═══ Dataset entries
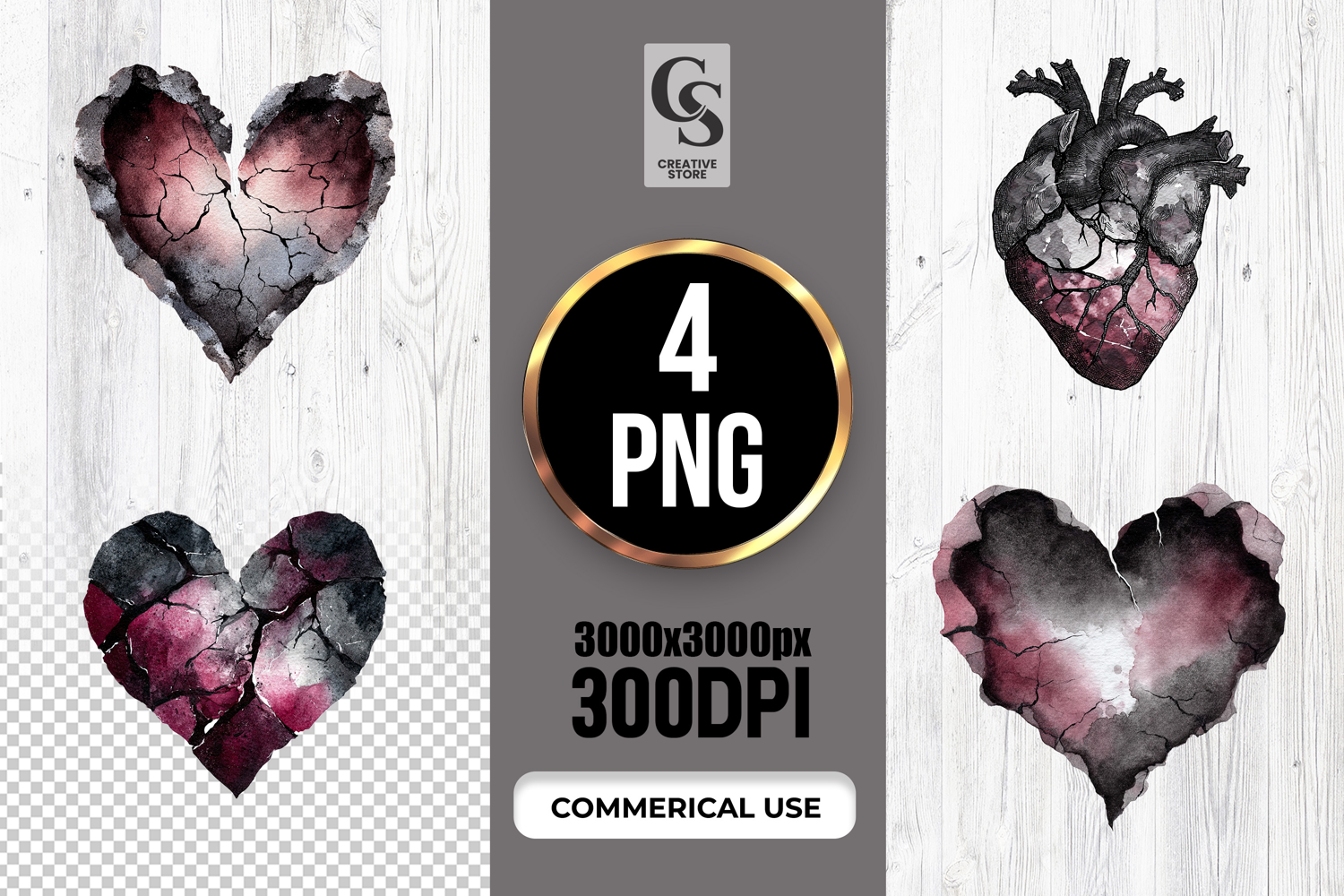 4 Dark Cracked Heart Watercolor Clipart Sublimation PNG  Files Perfect for Greeting Cards, Invitations, Junk Journal, Party Decor, Scrapbooking and many other craft projects.
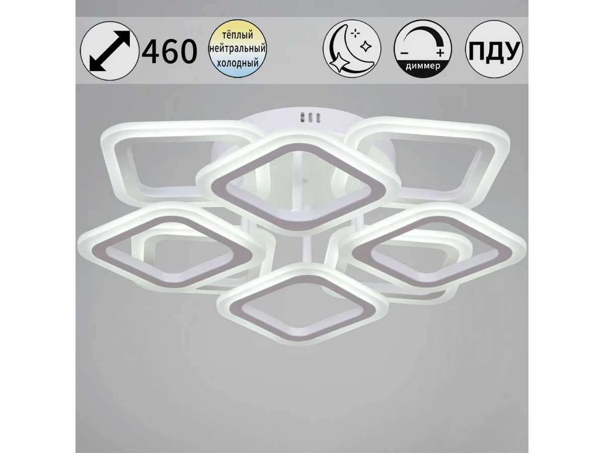 Исключительная модель 05104-0.3-4+4 WH от итальянской компании Reluce относится к коллекции 05104. Потолочная светодиодная люстра Reluce 05104-0.3-4+4 WH с ромбическими плафонами осветит помещение площадью 20 кв. м. холодным светом. Осветительный элемент встроен в конструкцию и не требует приобретения дополнительных лампочек. Прибор произведен с использованием материалов: акрил и металл и может использоваться для натяжного потолка. В комплект поставки входит пульт дистанционного управления. Основным цветом товара является белый. Торопитесь сделать заказ в интернет-магазине ВоронежСвет.
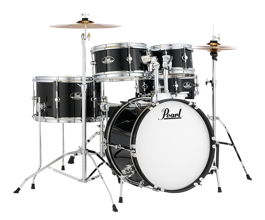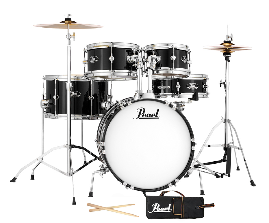 Pearl Roadshow Jr. 5-piece Drumkit with hardware, cymbals, drum throne, sticks and stick bag.
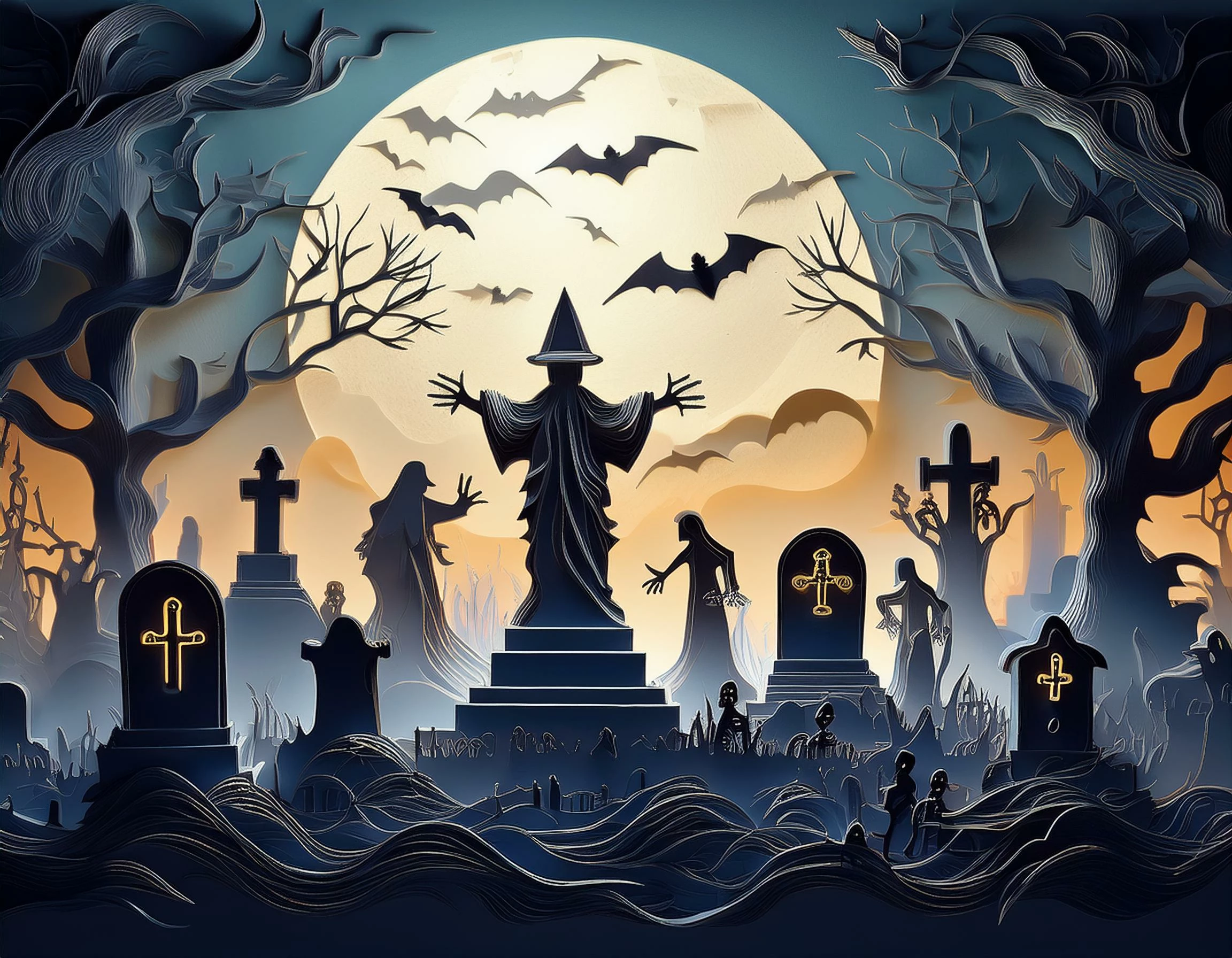 Prompt: spooky graveyard surrounded by trees; ghostly bodies floating above each tombstone, include: zombies, black cats, bats, witches, ghouls, and an eerie moon [Layered Paper]
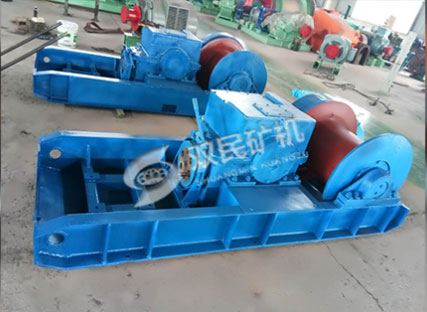 主要结构机械部分:主轴装置、减速器、联轴器、制动器、液压站、深度指示器及其传动装置、测速发电机装置、护板、护罩、护栏。辅助机械部分:司机椅子、导向轮和天轮、车槽装置。电器部分:主电机及电气拖动装置、电器控制装置、电器保护装置。电动机通过减速器驱动卷扬筒旋转,钢丝绳一端固定在卷筒上,另一端经卷筒缠绕后,通过井架天轮悬挂提升容器。随着卷筒的旋转,实现容器的上升和下放。
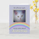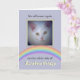Add a Photo Rainbow Design Card -- Blue Add your own pet's photo to this remembrance card featuring a hopeful and inspiring rainbow bridge design. Create a keepsake to remind yourself or someone you care about of a loved friend, whether furred, feathered or finned. Or send as a comforting sympathy card for someone who is coming to terms with pet loss. This card shows a sweet white cat but remember you can upload a picture of your own and change it to any pet: dog, cat, hamster, fish, bird, rat, bunny rabbit, horse, or a more exotic animal. All of them can rest in the peace that lies over rainbow bridge.
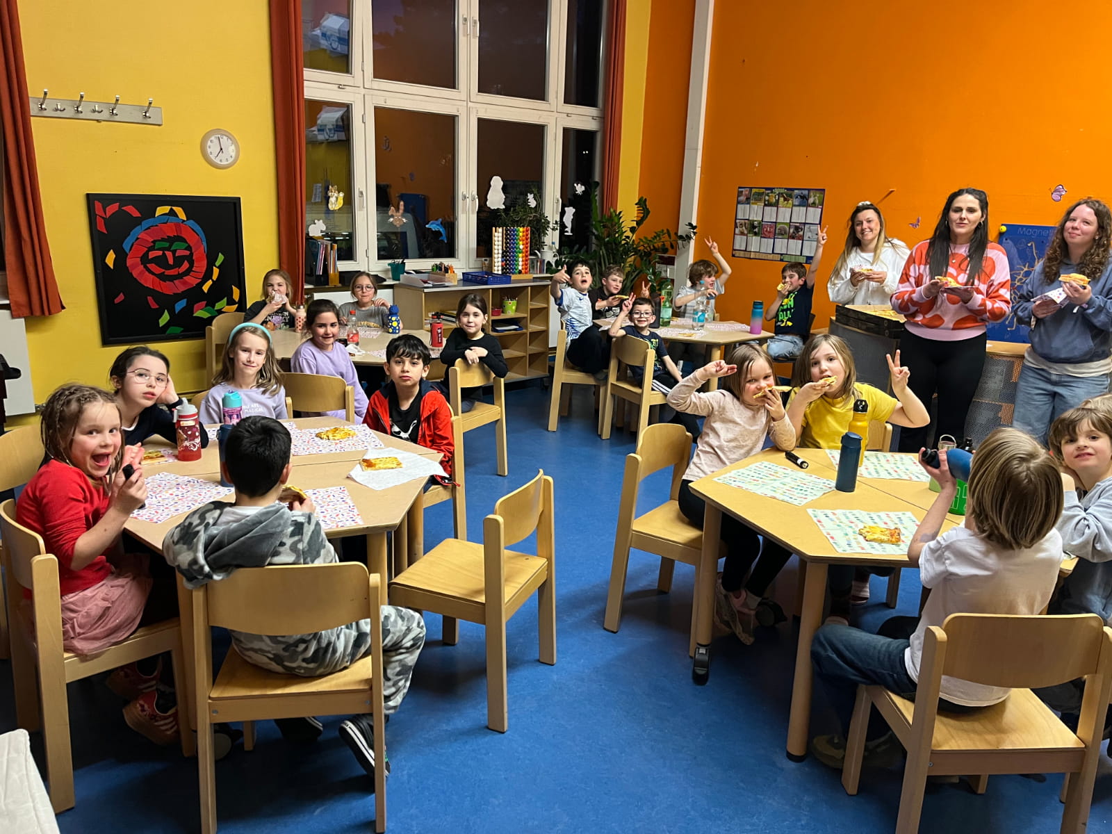 Mit Schlafsäcken, Isomatten, Kuscheltieren sowie kleinen Koffern und Rucksäcken ausgerüstet, richteten sich die Kinder der 2a ihre Schlafplätze im Klassenraum gemütlich ein. Nach dem Einrichten gab es zur Stärkung erst einmal Familienpizza sowie Zeit zum Spielen und Lesen.
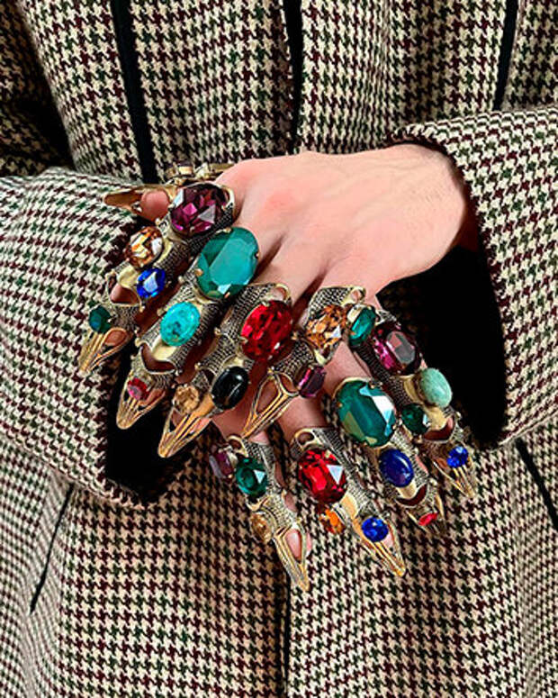 В этом сезоне мы наблюдаем интересную трансформацию колец: нам предлагают массивные украшения на ногти, имитирующие самый смелый нейл-дизайн. Это могут быть золотые «наперстки» на один-два пальца (или всю кисть) с миниатюрными фигурками на концах длинных ногтей — их ищем вновь у Schiaparelli.
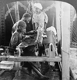 "The shawls made in Kashmir occupy a pre-eminent place among textile products; and it is to them and to their imitations from Western looms that specific importance attaches. The Kashmir shawl is characterized by the elaboration of its design, in which the "cone" pattern is a prominent feature, and by the glowing harmony, brilliance, depth, and enduring qualities of its colours. The basis of these excellences is found in the very fine, soft, short, flossy under-wool, called pashm or pashmina, found on the shawl-goat, a variety of Capra hircus inhabiting the elevated regions of Tibet. There are several varieties of pashm, but the finest is a strict monopoly of the maharaja of Kashmir. Inferior pashm and Kerman wool — a fine soft Persian sheep's wool — are used for shawl weaving at Amritsar and other places in the Punjab, where colonies of Kashmiri weavers are established. Of shawls, apart from shape and pattern, there are only two principal classes: (1) loom-woven shawls called tiliwalla, tilikar or kani kar — sometimes woven in one piece, but more often in small segments which are sewn together with such precision that the sewing is quite imperceptible; and (2) embroidered shawls — amlikar — in which over a ground of plain pashmina is worked by needle a minute and elaborate pattern." from Encyclopaedia Britannica, 1911[11]
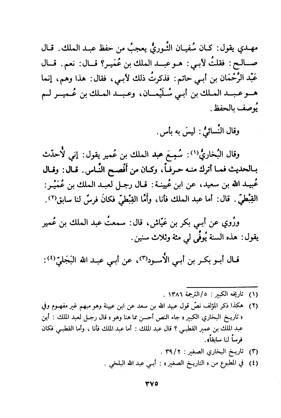 (2) هكذا ذكر المؤلف نص قول عُبَيد اللَّه بْن سعد عن ابن عُيَيْنَة وهو مبهم غير مفهوم وفي "تاريخ البخاري الكبير"جاء النص أحسن مما هنا وهو"قال رجل لعبد الملك: أين عَبد المَلِك بن عُمَير القطبي؟ قال عَبد المَلِك: أما عَبد المَلِك فأنا، وأما القطبي فكان فرسا لنا سابقا.
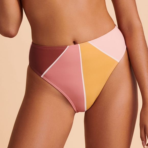 Set your sundial to high noon with this fully-baked strapless bikini bottom. Saturated with sunburnt, retro tones.
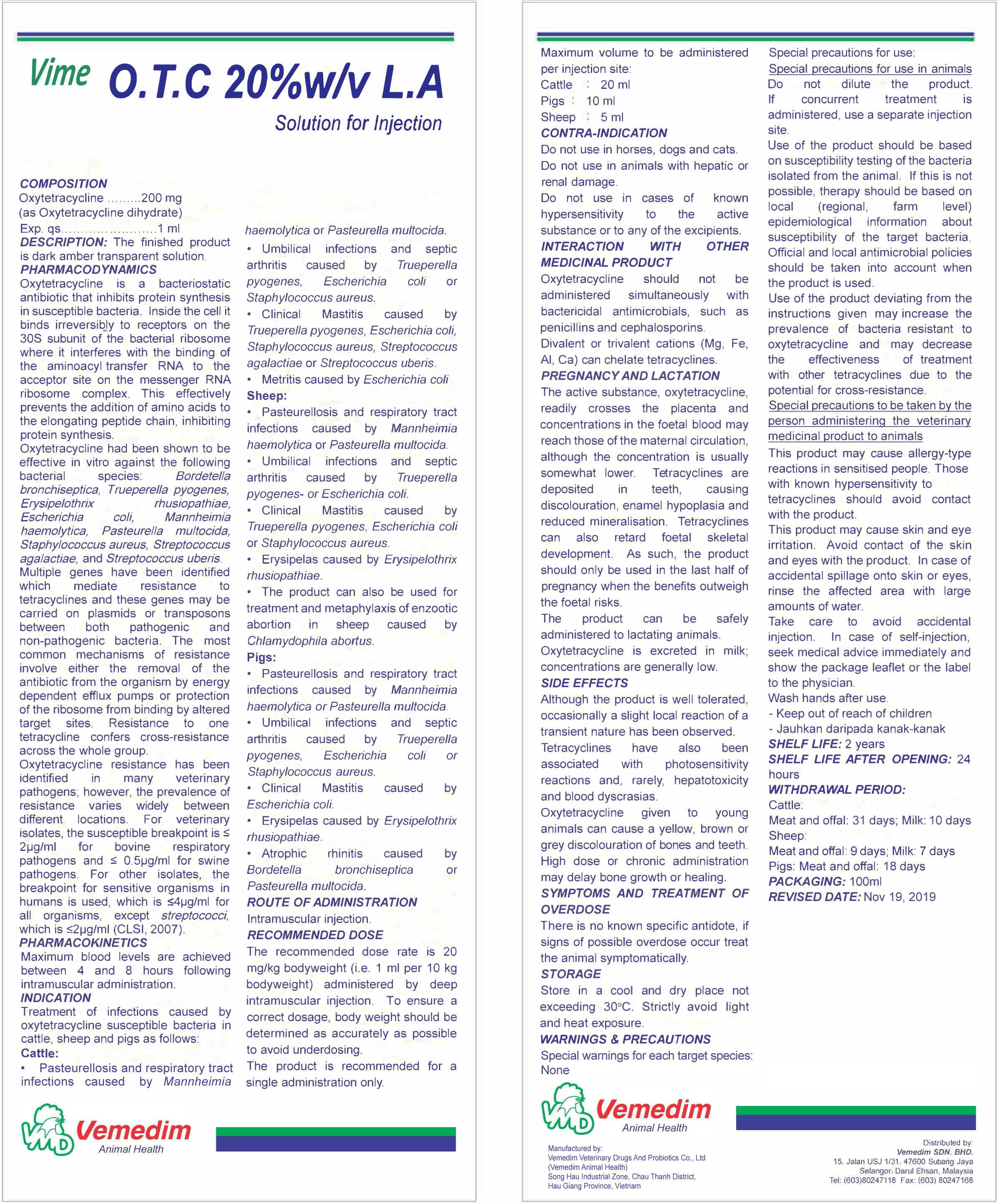| Product Name : Vime O.T.C 20%w/v L.A Solution for Injection |
══════
## About this exercise
Exact copy, no pictures. Write out the lines in the entries above, starting with the line with "Encyclopaedia Britannica, 1911[11]" and going on through the line with "Set your sundial", keeping both.

## Written response
 "The shawls made in Kashmir occupy a pre-eminent place among textile products; and it is to them and to their imitations from Western looms that specific importance attaches. The Kashmir shawl is characterized by the elaboration of its design, in which the "cone" pattern is a prominent feature, and by the glowing harmony, brilliance, depth, and enduring qualities of its colours. The basis of these excellences is found in the very fine, soft, short, flossy under-wool, called pashm or pashmina, found on the shawl-goat, a variety of Capra hircus inhabiting the elevated regions of Tibet. There are several varieties of pashm, but the finest is a strict monopoly of the maharaja of Kashmir. Inferior pashm and Kerman wool — a fine soft Persian sheep's wool — are used for shawl weaving at Amritsar and other places in the Punjab, where colonies of Kashmiri weavers are established. Of shawls, apart from shape and pattern, there are only two principal classes: (1) loom-woven shawls called tiliwalla, tilikar or kani kar — sometimes woven in one piece, but more often in small segments which are sewn together with such precision that the sewing is quite imperceptible; and (2) embroidered shawls — amlikar — in which over a ground of plain pashmina is worked by needle a minute and elaborate pattern." from Encyclopaedia Britannica, 1911[11]
 (2) هكذا ذكر المؤلف نص قول عُبَيد اللَّه بْن سعد عن ابن عُيَيْنَة وهو مبهم غير مفهوم وفي "تاريخ البخاري الكبير"جاء النص أحسن مما هنا وهو"قال رجل لعبد الملك: أين عَبد المَلِك بن عُمَير القطبي؟ قال عَبد المَلِك: أما عَبد المَلِك فأنا، وأما القطبي فكان فرسا لنا سابقا.
 Set your sundial to high noon with this fully-baked strapless bikini bottom. Saturated with sunburnt, retro tones.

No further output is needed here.